Daffodils Feb 27 070

A Scottish gangmaster has been stripped of her licence after Gangmasters Licensing Authority (GLA) officers found her workers were underpaid and had been transported in a dangerous vehicle.

Sole trader Sheila Wood of Drumlithie, Stonehaven, also admitted in interview that she lacked the required competencies to run her business, which comprised daffodils and potatoes. Her licence was revoked with immediate effect last month (September 2015).

That decision has now been finalised because no appeal was lodged prior to the lapse of the deadline for submission.

When the former headteacher’s business was inspected, it emerged that she had failed to comply with a number of licensing standards, thus putting the safety of her workers at risk.

GLA chief executive Paul Broadbent said: “This licence was revoked immediately because the holder exhibited a flagrant disregard for the wellbeing of her employees.

“She transported them in a van after it was deemed ‘dangerous’ during an MOT inspection, and failed seven other GLA licensing standards, which are there specifically to protect vulnerable workers.

“She also appeared to lack the required skills and knowledge to run a compliant business and worked with a convicted illegal gangmaster – factors which both weighed heavily against her when making our decision.”

Six separate faults were found with the vehicle used to transport workers - two of them rendering it ‘dangerous’, in the opinion of the MOT tester.

Despite this, the workers employed to pick daffodils and grade potatoes were still being carried in the same van in August - driven to farms by convicted unlicensed gangmaster Rimantas Sulcas.
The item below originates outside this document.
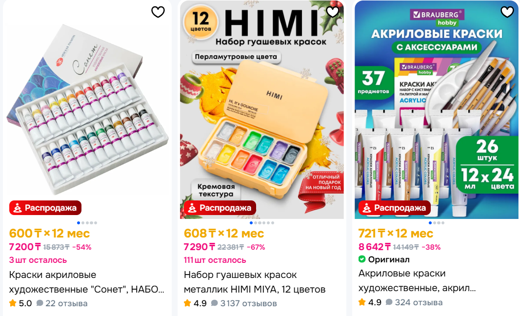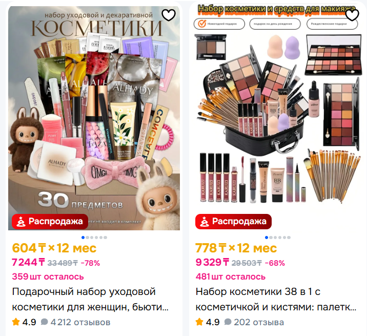 В специализированных косметических магазинах можно найти палетки теней для век и другие продукты. Их стоимость, как правило, начинается от 5000 тенге. При этом на маркетплейсах можно найти наборы декоративной косметики в той же ценовой категории, но с более широким наполнением – в комплект часто входят сразу несколько продуктов, что делает такой вариант более выгодным, разнообразным по наполнению и более приятным для получательницы.

Sulcas received a Community Payback Order in May 2014 when he was convicted of unlicensed labour provision to potato farms in Aberdeenshire and Angus.

From the outset, when applying for her licence, the 57-year-old was informed that her acquaintance, Sulcas, must not be involved in her business operations without express permission from the GLA. This permission was never sought, leading Wood to breach this specified additional condition attached to her licence and also to fail the GLA’s ‘fit and proper person’ test. Both were critical requirements for retaining her licence.

It was also found that workers had not been paid the overtime they were entitled to in accordance with the Agricultural Wages Order (Scotland), and their handwritten payslips were deemed unacceptable, which led to the failure of two further standards.

Breaches of GLA Licensing Standards result in penalty points with a total of 30 points leading to the revocation of a licence.

Wood accrued a total of 174 points from failing five critical (30 point) and three non-critical (8 point) standards.